Another reason an item may reappear is that an information furnisher’s computer database may not be updated following a dispute resolution.  Most information furnishers report their information through an automated system once a month.  Upon receiving and verifying information that a listing is inaccurate, the information furnisher may submit an individual request, separate from the monthly cycle, to the bureaus to remove an item.  However, they may never update their permanent records to remove the inaccurate information and the item reappears after the next monthly reporting cycle to the bureaus.  This type of reinsertion is entirely unfair and should be confronted quickly whenever it occurs.

If an Item Reappears

All violations of the FCRA are treated seriously and can result in a $1000 fine, payable to you, should you successfully sue the offender and win in court.   Sometimes merely notifying a creditor or credit bureau of a violation is enough to get the item removed.

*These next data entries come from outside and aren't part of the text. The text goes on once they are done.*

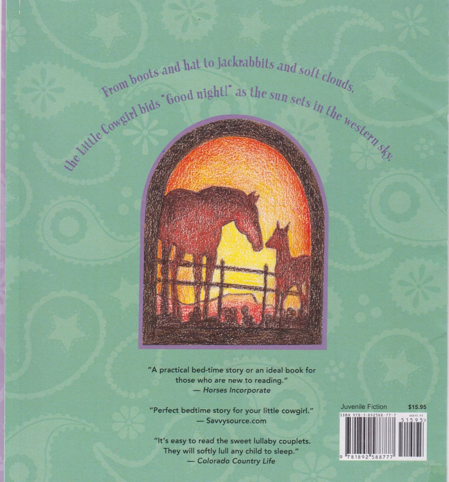 As sleep comes, the little cowgirl's happy heart bids good night to all in her world that has made her day safe and glad. Couplets in lullaby rhythm gently invite little ones to enter sleep, while original artwork guides their minds' eyes from the sweet-smelling cow pony nodding in the shed to the prairie grasses whispering. (No specific state mentioned.)
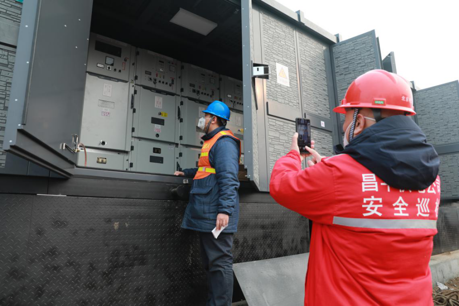 國網北京昌平供電公司安全巡檢人員對北京小湯山醫院箱變進行巡視檢查。(閔政君)
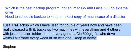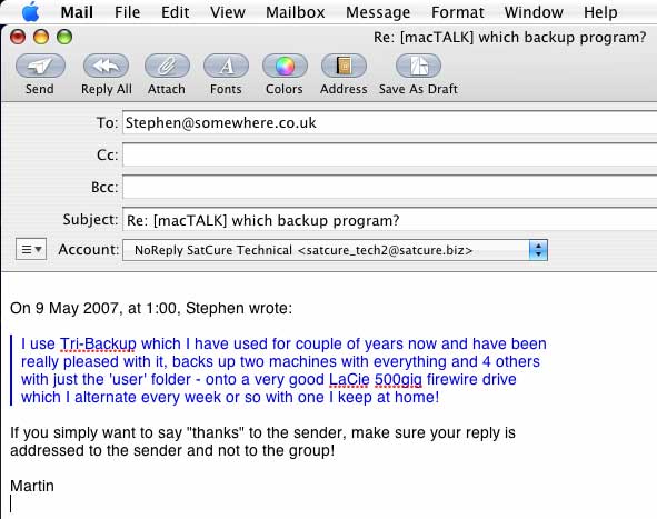 Notice that the quoted text has turned blue and has a blue line running down the side. You can cause this to happen manually by highlighting the paragraph in your reply and pressing [cmd] [ ' ]. To reverse this, press [alt] [cmd] [ ' ].
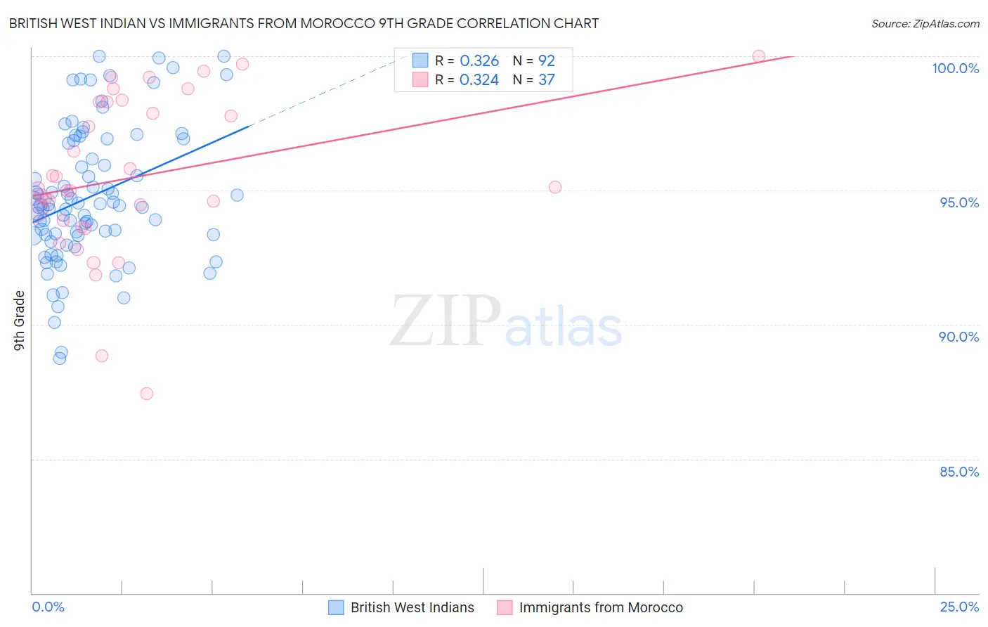 British West Indian vs Immigrants from Morocco 9th Grade Correlation Chart
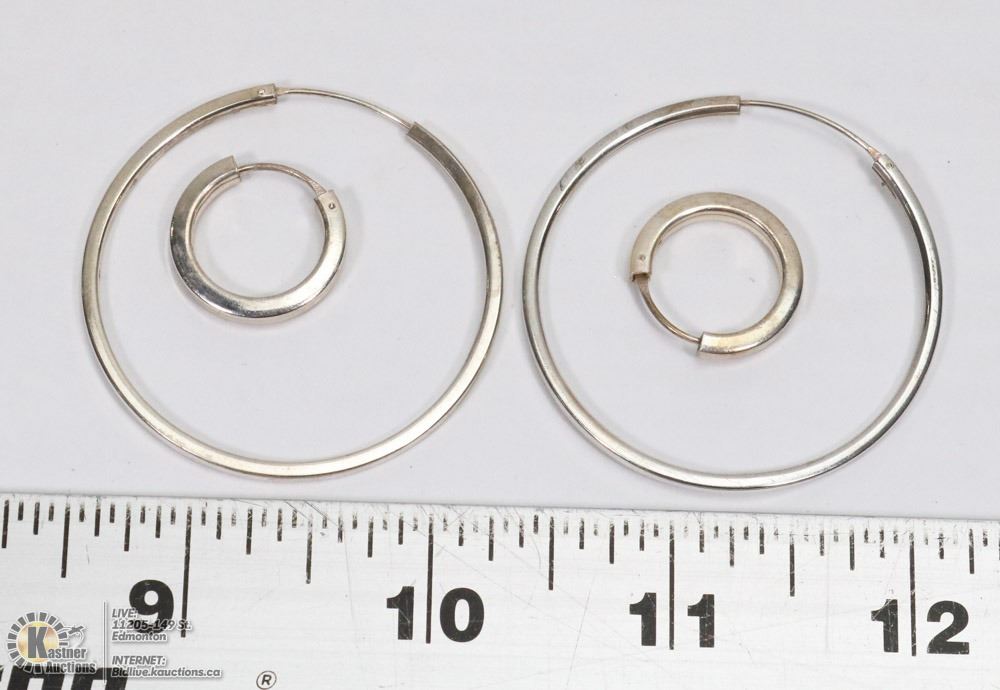 STERLING SILVER HOOP EARRINGS - 2 PAIRS, 2 SIZES.

Should an offender refuse to cooperate with you after notification of FCRA violations, and you are not willing or able to go to court, you could report the violation to the Federal Trade Commission (FTC) or the Consumer Financial Protection Bureau (CFPB) and let them pursue the matter.   Make sure the offender is aware you are reporting them to one or both of these two agencies.  This should get their attention.  When governmental agencies confront such problems, however, the consumer isn’t eligible for the $1000 statutory reward that might otherwise be payable should the matter be resolved in the consumer’s favor in court.

Disputes Made with the Credit Furnisher/Reporter

If you were told that the item will be removed, and it is not, this is not reinsertion.  If an item was never deleted from a credit report, then it can’t be “reinserted.”

If you’ve provided proof to the information furnisher multiple times that a listing is incorrect, and the item remains within your reports, the credit bureaus may not be at fault as the furnisher is certifying the information as correct.  Like consumers, credit bureaus can be victimized by incorrect data too. You might want to report this creditor to the FTC and/or CFPB or think about legal action.

Disputes Made With the Credit Bureaus

Whenever you are disputing items on your credit report, you should keep copies of past reports in case they reappear.  In addition, if you disputed a listing in writing, you should receive a letter from the bureaus regarding the results of your dispute and any deletions that occur.  Make sure you save all copies.

Should an item be reinserted on your credit report without proper notification or certification, it’s usually a matter of writing to a credit bureau and informing them of the violation to get them to re-remove the reinserted item. Sending proof that the item was reinserted (with copies of your old reports) can result in a positive consumer outcome.